AIG's problem is caused by the CDS. The policyholders who insured their derivatives, bonds or debt instruments want to be paid.It has to the tune of $500billions in CDS and AIG insured them against credit risk and not including interest and the amount was close $100billion of payouts. When it was known that AIG had this problem of liquidity the rating agencies reduced the rating and caused the share price to plunge making it difficult to raise capital.. The $20billns it got disappeared without sound.I t approached FED for help. FED was and is a Santa clause and when it mulled over and considering the wide ranging implication internationally and a possible global financial crisis FED loaned AIG and taking an equity stake of 80%,ie. FED owns 80% of AIG. AIG meantime will have to sell off non core business or non traditional to pay off the loan.

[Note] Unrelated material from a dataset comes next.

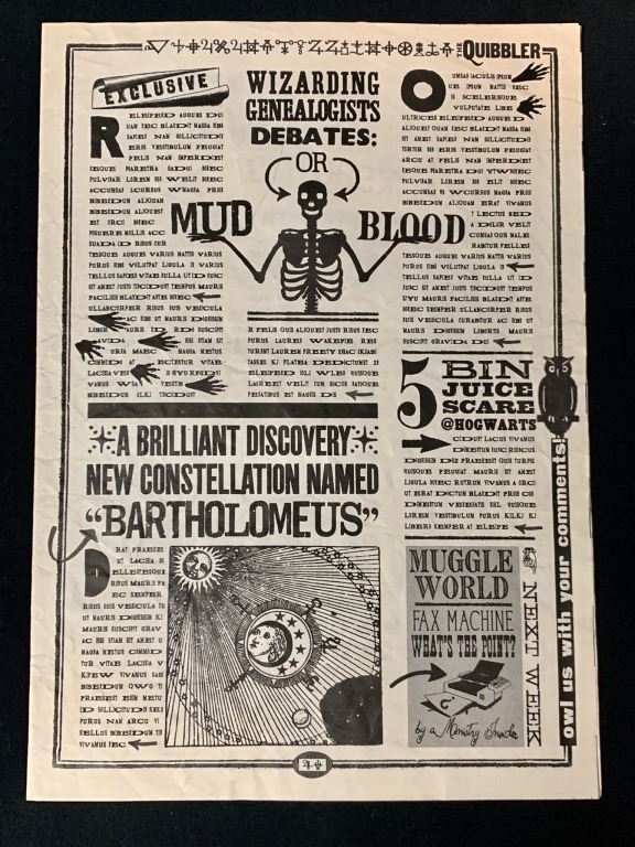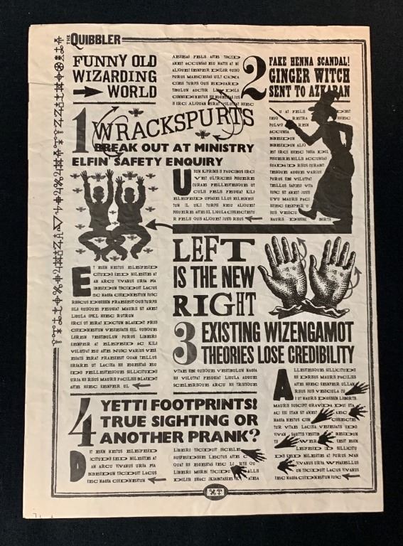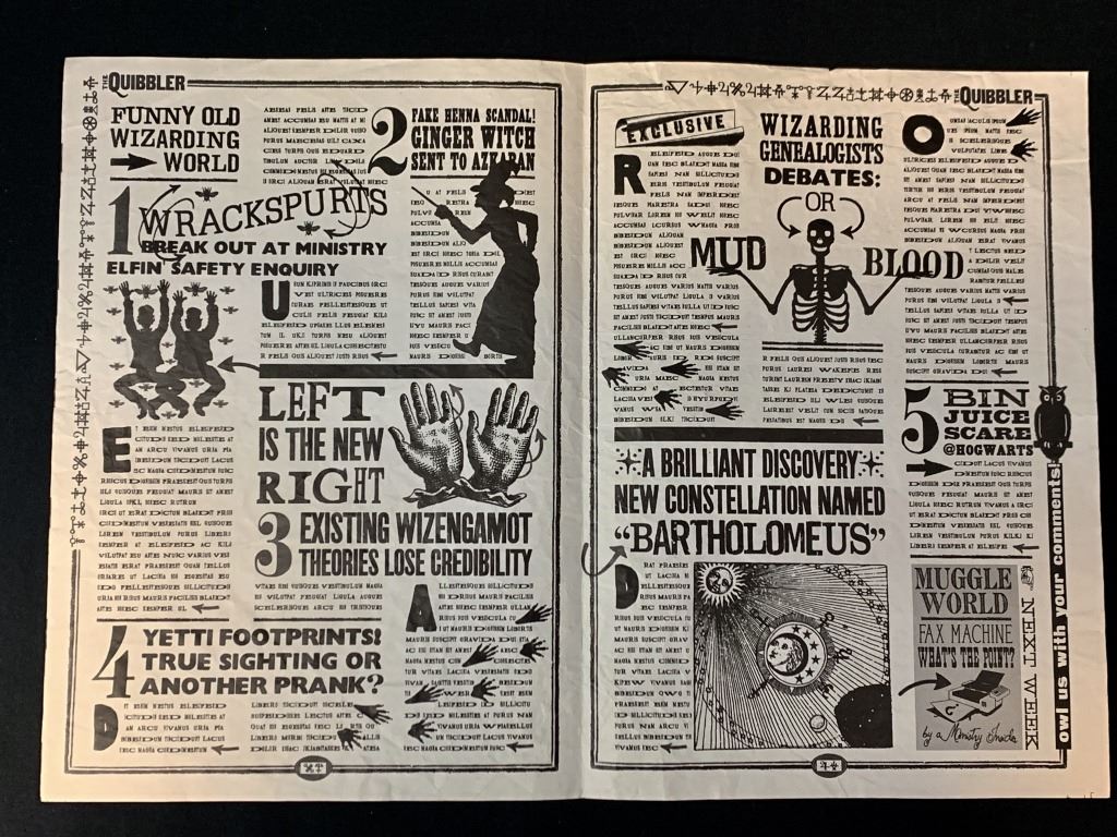 Original Quibblers magazine center spread from the Harry Potter fantasy film Harry Potter and the Deathly Hallows: Part 1 (2010) based on the Harry Potter novels by author J. K. Rowling.

I believe it will because outside US and in Asia AIG is doing very well. Thsoe with AIA policies should have no fear of the insolvency, ie. it can make meet any laibility obligation.
The rule will change from now and which Paulson is strong proponent of this change, to regulate stringently the financial markets.
Hope Singapore MAS will too and control the market especially the insurance markets where the sellers or insurance agents are not allowed freely to sell products without considering the needs of consumers.